What the task asks: Every line of the data below should be retyped exactly, with no images carried over.

Data section:
:::::
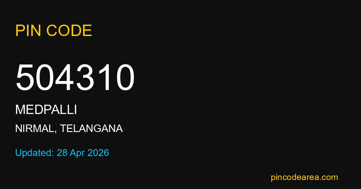 504310 PIN Code is assigned to Medpalli Post Office located in Nirmal district of Telangana. It helps identify the exact delivery area for postal and courier services.
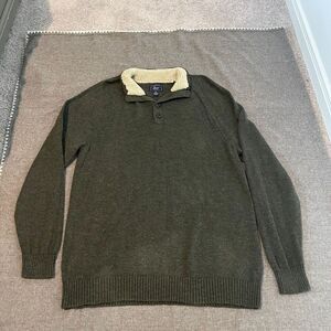 GH Bass & Co Men's Size XL 1/4 Button Knit Sweater Green Sherpa Mock Neck Collar
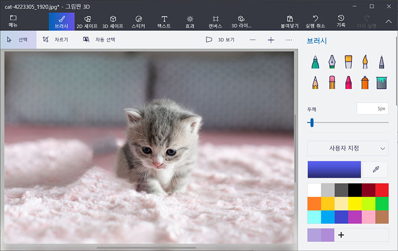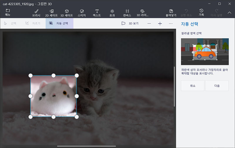 윈도우 10을 사용 중이라면 그림판3D가 무료로 제공됩니다. 훌륭하고 다양한 기능을 가진 유료 그림 편집 프로그램이 많이 있지만 그림판3D는 별다른 설치 없이 무료로 사용할 수 있다는 점이 매우 좋습니다. 게다가, 아주 섬세하진 못하지만 그래도 쉽고 간단하게 object 누끼를 따고, 지우고, 스티커로 만들기 등을 할 수 있습니다.
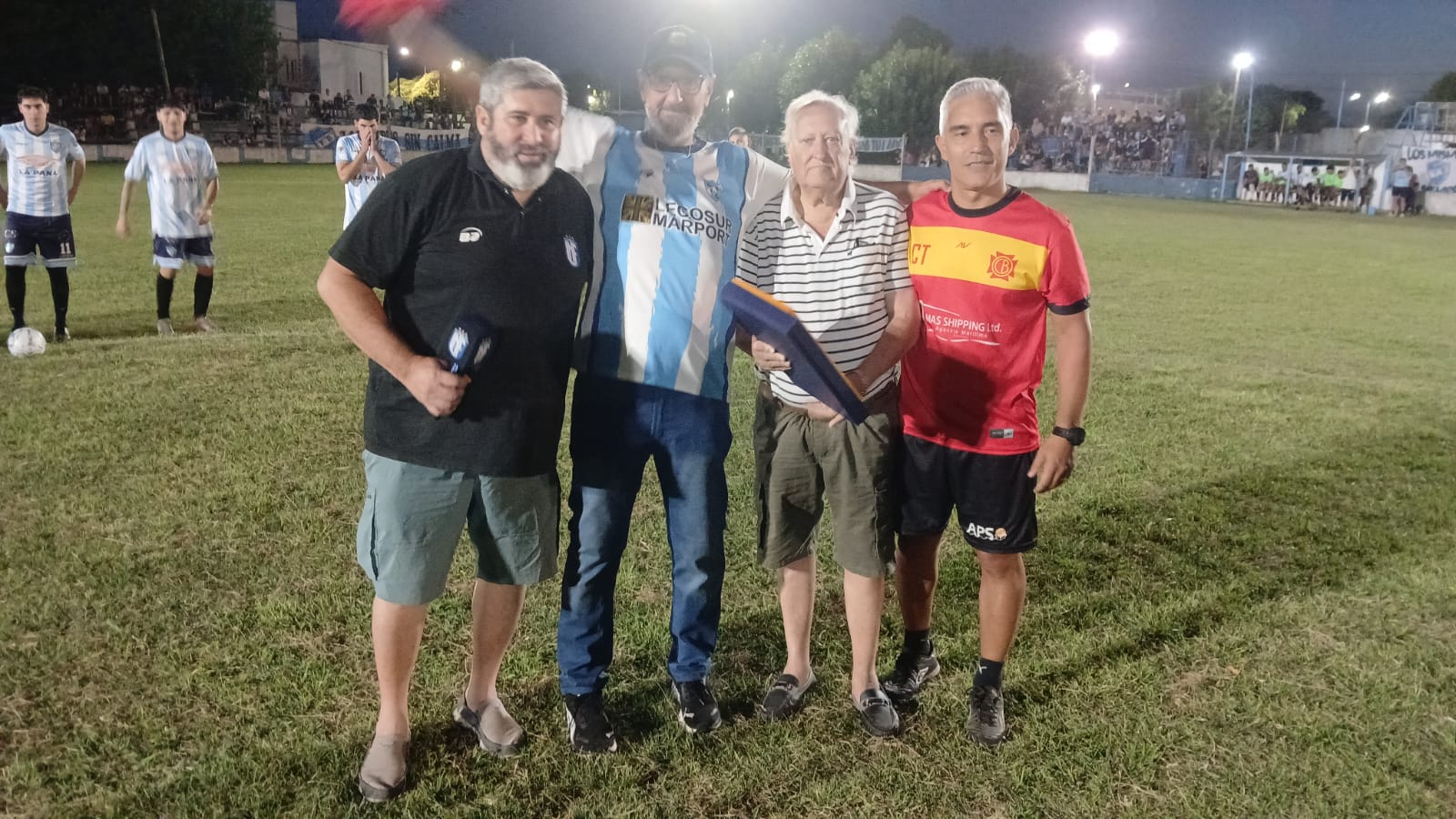 El nicoleño Piaggio, criado futbolísticamente en Conesa, recibió un justo homenaje de la Liga Nicoleña de Fútbol. Su Presidente, Sandro García, le entregó una plaqueta recordatoria antes de que Piaggio diera el puntapié inicial.
:::::
Your response:
 504310 PIN Code is assigned to Medpalli Post Office located in Nirmal district of Telangana. It helps identify the exact delivery area for postal and courier services.
 GH Bass & Co Men's Size XL 1/4 Button Knit Sweater Green Sherpa Mock Neck Collar
 윈도우 10을 사용 중이라면 그림판3D가 무료로 제공됩니다. 훌륭하고 다양한 기능을 가진 유료 그림 편집 프로그램이 많이 있지만 그림판3D는 별다른 설치 없이 무료로 사용할 수 있다는 점이 매우 좋습니다. 게다가, 아주 섬세하진 못하지만 그래도 쉽고 간단하게 object 누끼를 따고, 지우고, 스티커로 만들기 등을 할 수 있습니다.
 El nicoleño Piaggio, criado futbolísticamente en Conesa, recibió un justo homenaje de la Liga Nicoleña de Fútbol. Su Presidente, Sandro García, le entregó una plaqueta recordatoria antes de que Piaggio diera el puntapié inicial.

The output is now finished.